Prompt
Starting with the line that has "de suas interaçoes" in the records below and ending with the line that has "2)请卸下用于固定支撑台的螺栓②、③,共计 15 枚,取", output those lines exactly and nothing more; omit the pictures.

Extracted data
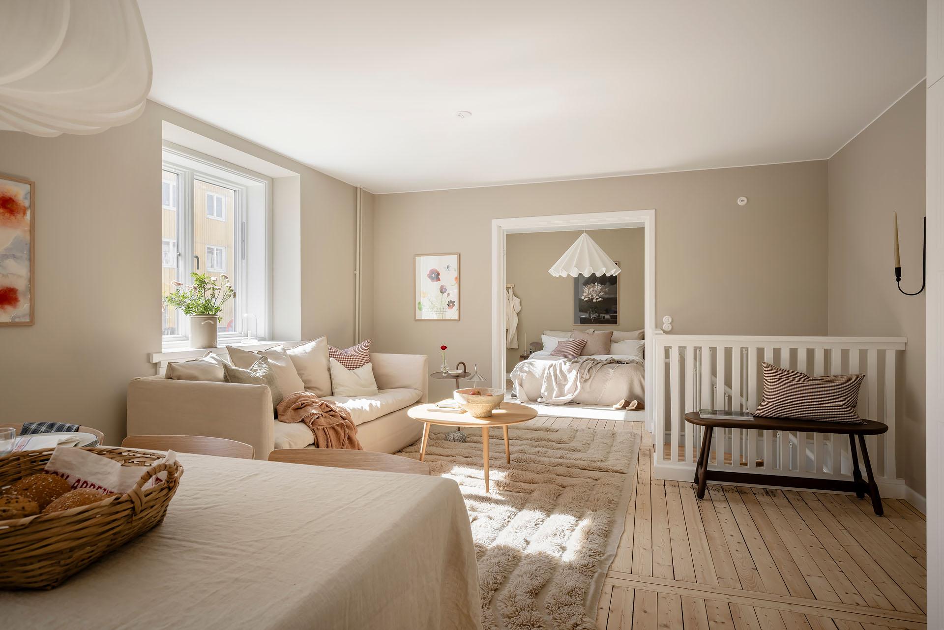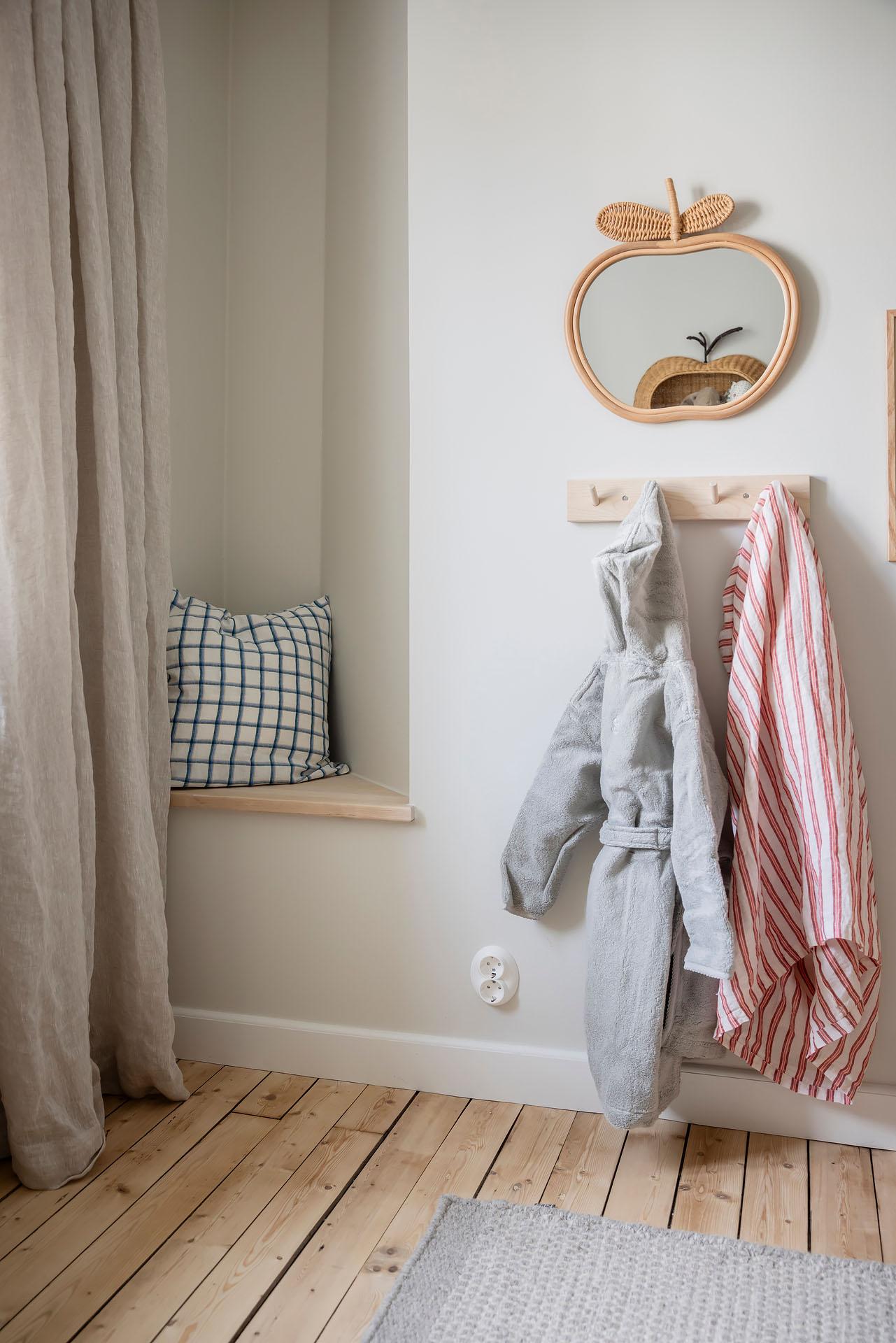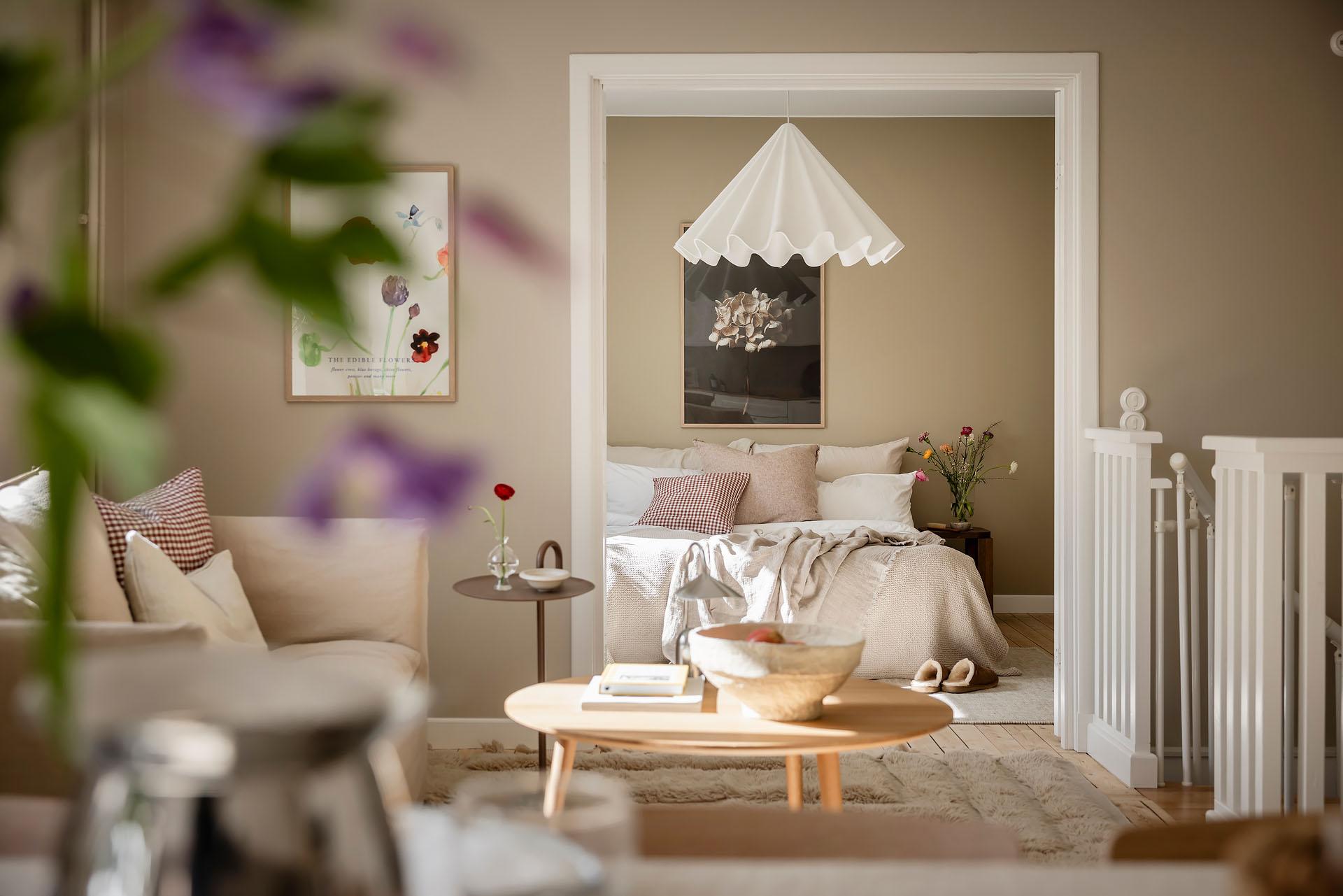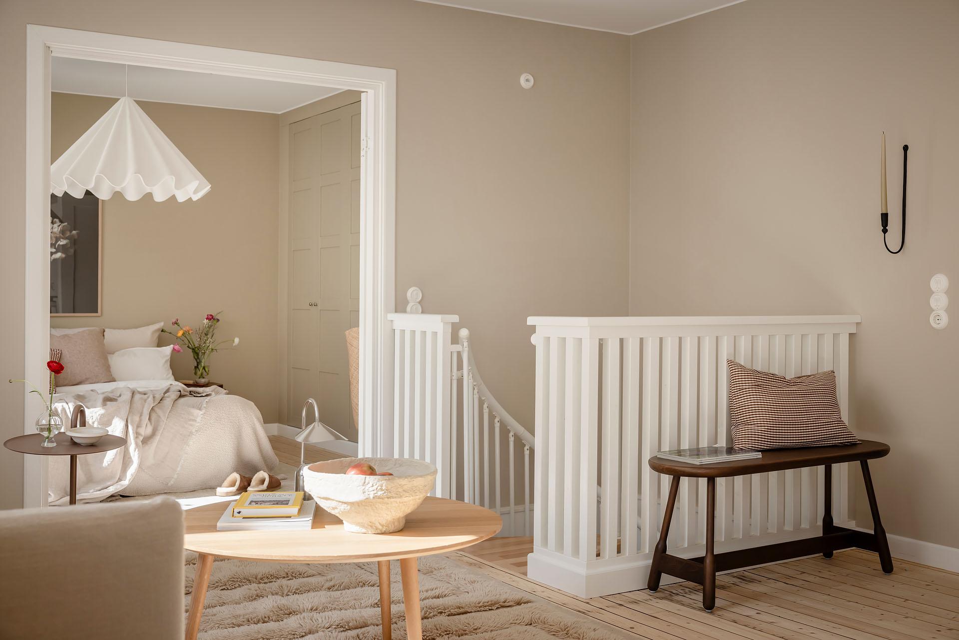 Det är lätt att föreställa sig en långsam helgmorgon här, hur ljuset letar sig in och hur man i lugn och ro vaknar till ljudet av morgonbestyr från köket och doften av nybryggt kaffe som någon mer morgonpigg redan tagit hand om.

==

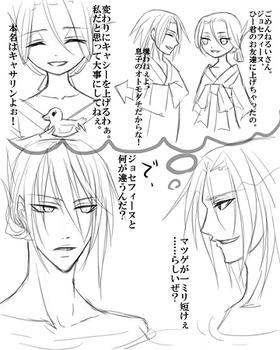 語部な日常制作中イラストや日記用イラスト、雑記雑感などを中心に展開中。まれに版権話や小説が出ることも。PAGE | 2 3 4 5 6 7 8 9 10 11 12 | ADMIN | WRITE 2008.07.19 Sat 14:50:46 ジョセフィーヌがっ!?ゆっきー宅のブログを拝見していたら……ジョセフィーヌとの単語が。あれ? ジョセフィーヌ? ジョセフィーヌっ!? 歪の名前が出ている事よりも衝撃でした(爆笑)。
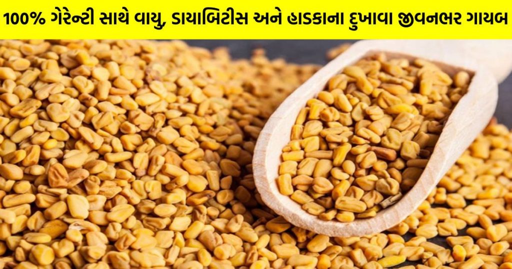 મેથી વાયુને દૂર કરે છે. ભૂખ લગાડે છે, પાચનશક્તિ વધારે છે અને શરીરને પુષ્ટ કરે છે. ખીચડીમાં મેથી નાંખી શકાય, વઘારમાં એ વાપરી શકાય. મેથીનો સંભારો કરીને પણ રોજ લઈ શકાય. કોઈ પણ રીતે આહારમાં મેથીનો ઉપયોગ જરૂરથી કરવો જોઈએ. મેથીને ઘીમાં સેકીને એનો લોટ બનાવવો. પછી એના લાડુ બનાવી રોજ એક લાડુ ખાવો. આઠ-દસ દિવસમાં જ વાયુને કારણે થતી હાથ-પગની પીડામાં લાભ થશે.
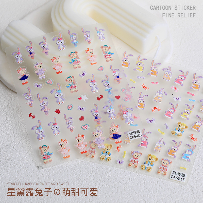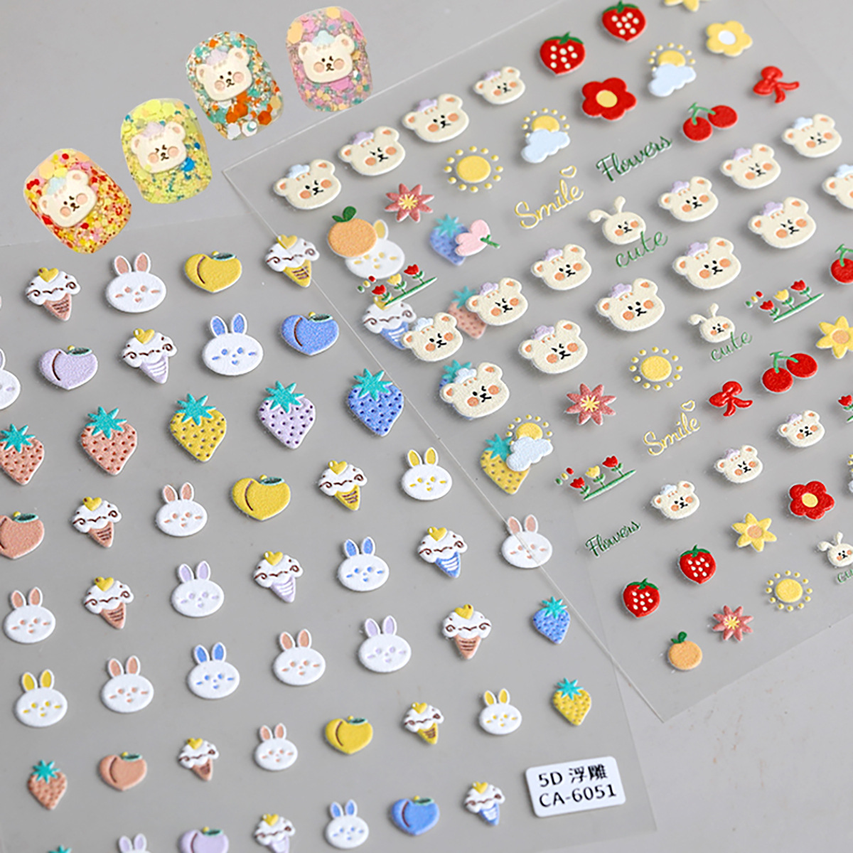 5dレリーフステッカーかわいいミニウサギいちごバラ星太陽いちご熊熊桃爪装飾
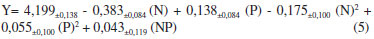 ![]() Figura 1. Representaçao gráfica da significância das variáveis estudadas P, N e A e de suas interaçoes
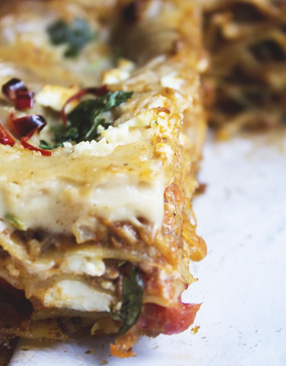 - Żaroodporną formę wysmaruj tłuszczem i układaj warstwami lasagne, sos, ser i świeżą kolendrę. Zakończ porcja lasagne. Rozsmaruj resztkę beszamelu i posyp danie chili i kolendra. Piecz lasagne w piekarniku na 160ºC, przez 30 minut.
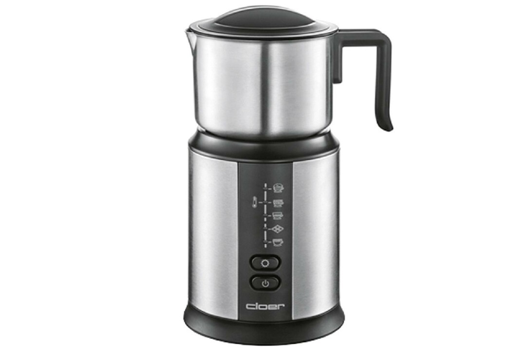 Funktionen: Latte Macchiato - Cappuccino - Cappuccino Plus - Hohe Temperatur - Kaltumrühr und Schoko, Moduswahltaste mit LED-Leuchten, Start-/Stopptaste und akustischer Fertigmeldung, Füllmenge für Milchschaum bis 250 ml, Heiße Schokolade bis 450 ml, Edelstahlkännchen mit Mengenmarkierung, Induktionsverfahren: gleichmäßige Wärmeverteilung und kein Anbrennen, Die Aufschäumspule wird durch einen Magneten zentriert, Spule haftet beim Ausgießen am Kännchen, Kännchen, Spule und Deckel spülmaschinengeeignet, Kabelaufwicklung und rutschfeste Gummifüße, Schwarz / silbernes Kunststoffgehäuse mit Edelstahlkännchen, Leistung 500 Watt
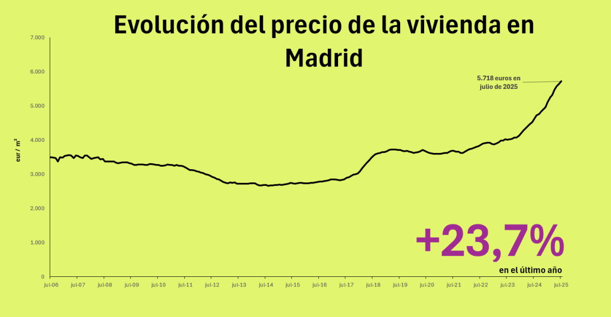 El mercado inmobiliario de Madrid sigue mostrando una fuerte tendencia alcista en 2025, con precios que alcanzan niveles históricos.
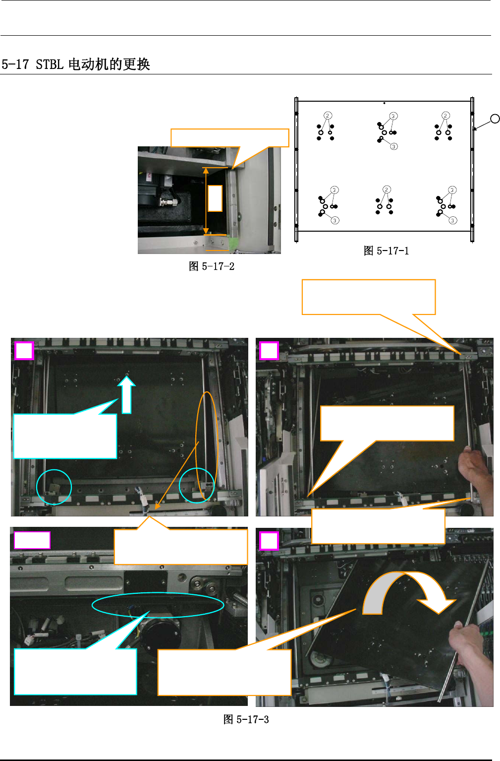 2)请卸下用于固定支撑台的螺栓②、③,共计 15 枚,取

Response below
 ![]() Figura 1. Representaçao gráfica da significância das variáveis estudadas P, N e A e de suas interaçoes
 - Żaroodporną formę wysmaruj tłuszczem i układaj warstwami lasagne, sos, ser i świeżą kolendrę. Zakończ porcja lasagne. Rozsmaruj resztkę beszamelu i posyp danie chili i kolendra. Piecz lasagne w piekarniku na 160ºC, przez 30 minut.
 Funktionen: Latte Macchiato - Cappuccino - Cappuccino Plus - Hohe Temperatur - Kaltumrühr und Schoko, Moduswahltaste mit LED-Leuchten, Start-/Stopptaste und akustischer Fertigmeldung, Füllmenge für Milchschaum bis 250 ml, Heiße Schokolade bis 450 ml, Edelstahlkännchen mit Mengenmarkierung, Induktionsverfahren: gleichmäßige Wärmeverteilung und kein Anbrennen, Die Aufschäumspule wird durch einen Magneten zentriert, Spule haftet beim Ausgießen am Kännchen, Kännchen, Spule und Deckel spülmaschinengeeignet, Kabelaufwicklung und rutschfeste Gummifüße, Schwarz / silbernes Kunststoffgehäuse mit Edelstahlkännchen, Leistung 500 Watt
 El mercado inmobiliario de Madrid sigue mostrando una fuerte tendencia alcista en 2025, con precios que alcanzan niveles históricos.
 2)请卸下用于固定支撑台的螺栓②、③,共计 15 枚,取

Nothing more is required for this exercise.